The second instance Wilson’s questionable invocation of Christendom came when he responded to Old Life about the comparison of the Religious Right to political Islam. His general point, that Christianity is true and Islam is false, works pretty well, though I’m not sure how the assertion of one’s faith as true over against other citizens who don’t believe your faith gets you a society with lots of protections for free speech and freedom of religion. Wilson seems to believe that Christian intolerance will yield civil liberties (and yet he seems to know where that position led in Europe when states balkanized according to their various Christian confessions and thus made Christendom impossible). And he ups the ante when he gets huffy about secular governments.

I know. Let’s worship the bitch goddess of neutrality. That fixes everything. I think.

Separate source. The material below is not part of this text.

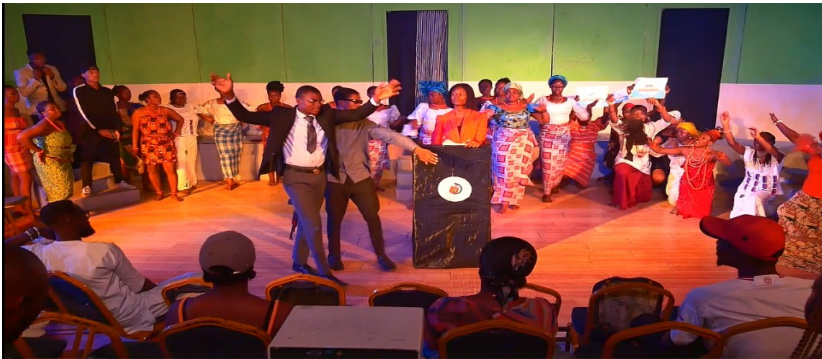
Plate 2: The Scene of Dr. Okote's Election Victory in Grit

Maybe his problem is thinking that we can “fix” anything this side of the new heavens and new earth. Two kingdom doesn’t pretend to solve anything. It does attempt to come to terms with a world where Christians live side by side with non-Christians. Mere Christendom won’t fix anything in this time between the comings of Christ. It either forces the removal of non-Christians (a la Christendom, which wasn’t all that great for Jews and Muslims, in case Doug didn’t notice) or it waters down Christianity for the sake of the political order. Two-kingdom theology differentiates the worlds of the church and politics so that the church can remain faithful and so that the state can provide some order for a people of diverse religions.

It sure seems that Wilson would be better off to own up to the end of Christendom and recalculate his cultural program along the biblical lines of pilgrimage and exile instead of trying to make this world and this age home to the eschaton.